[Start of section]

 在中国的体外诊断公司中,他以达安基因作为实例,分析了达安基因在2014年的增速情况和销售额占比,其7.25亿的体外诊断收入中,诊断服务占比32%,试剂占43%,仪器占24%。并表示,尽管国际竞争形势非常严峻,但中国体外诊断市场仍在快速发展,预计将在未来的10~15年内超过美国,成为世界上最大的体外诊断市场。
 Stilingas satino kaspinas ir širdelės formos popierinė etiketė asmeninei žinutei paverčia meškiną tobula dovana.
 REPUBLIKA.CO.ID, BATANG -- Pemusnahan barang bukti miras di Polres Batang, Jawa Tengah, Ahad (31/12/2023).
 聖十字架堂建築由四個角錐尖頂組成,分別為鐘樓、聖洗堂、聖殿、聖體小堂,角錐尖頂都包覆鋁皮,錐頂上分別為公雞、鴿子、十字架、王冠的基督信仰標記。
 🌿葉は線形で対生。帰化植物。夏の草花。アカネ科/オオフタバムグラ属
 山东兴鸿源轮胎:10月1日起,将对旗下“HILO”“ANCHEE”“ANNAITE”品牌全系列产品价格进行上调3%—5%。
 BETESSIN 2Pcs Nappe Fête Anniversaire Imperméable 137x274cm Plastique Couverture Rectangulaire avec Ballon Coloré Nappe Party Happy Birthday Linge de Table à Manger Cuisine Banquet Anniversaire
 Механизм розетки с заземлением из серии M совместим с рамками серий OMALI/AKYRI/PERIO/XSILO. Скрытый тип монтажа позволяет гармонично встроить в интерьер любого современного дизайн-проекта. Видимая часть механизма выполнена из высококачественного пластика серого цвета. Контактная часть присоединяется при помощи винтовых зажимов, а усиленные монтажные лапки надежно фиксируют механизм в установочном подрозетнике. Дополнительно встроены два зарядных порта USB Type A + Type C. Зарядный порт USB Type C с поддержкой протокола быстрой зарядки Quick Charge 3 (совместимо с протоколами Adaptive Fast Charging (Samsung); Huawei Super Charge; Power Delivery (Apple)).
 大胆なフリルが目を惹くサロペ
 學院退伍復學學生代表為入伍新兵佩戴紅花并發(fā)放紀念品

[End of section]

What to do: The full listing should be duplicated exactly, line by line.

Response for this exercise:
 在中国的体外诊断公司中,他以达安基因作为实例,分析了达安基因在2014年的增速情况和销售额占比,其7.25亿的体外诊断收入中,诊断服务占比32%,试剂占43%,仪器占24%。并表示,尽管国际竞争形势非常严峻,但中国体外诊断市场仍在快速发展,预计将在未来的10~15年内超过美国,成为世界上最大的体外诊断市场。
 Stilingas satino kaspinas ir širdelės formos popierinė etiketė asmeninei žinutei paverčia meškiną tobula dovana.
 REPUBLIKA.CO.ID, BATANG -- Pemusnahan barang bukti miras di Polres Batang, Jawa Tengah, Ahad (31/12/2023).
 聖十字架堂建築由四個角錐尖頂組成,分別為鐘樓、聖洗堂、聖殿、聖體小堂,角錐尖頂都包覆鋁皮,錐頂上分別為公雞、鴿子、十字架、王冠的基督信仰標記。
 🌿葉は線形で対生。帰化植物。夏の草花。アカネ科/オオフタバムグラ属
 山东兴鸿源轮胎:10月1日起,将对旗下“HILO”“ANCHEE”“ANNAITE”品牌全系列产品价格进行上调3%—5%。
 BETESSIN 2Pcs Nappe Fête Anniversaire Imperméable 137x274cm Plastique Couverture Rectangulaire avec Ballon Coloré Nappe Party Happy Birthday Linge de Table à Manger Cuisine Banquet Anniversaire
 Механизм розетки с заземлением из серии M совместим с рамками серий OMALI/AKYRI/PERIO/XSILO. Скрытый тип монтажа позволяет гармонично встроить в интерьер любого современного дизайн-проекта. Видимая часть механизма выполнена из высококачественного пластика серого цвета. Контактная часть присоединяется при помощи винтовых зажимов, а усиленные монтажные лапки надежно фиксируют механизм в установочном подрозетнике. Дополнительно встроены два зарядных порта USB Type A + Type C. Зарядный порт USB Type C с поддержкой протокола быстрой зарядки Quick Charge 3 (совместимо с протоколами Adaptive Fast Charging (Samsung); Huawei Super Charge; Power Delivery (Apple)).
 大胆なフリルが目を惹くサロペ
 學院退伍復學學生代表為入伍新兵佩戴紅花并發(fā)放紀念品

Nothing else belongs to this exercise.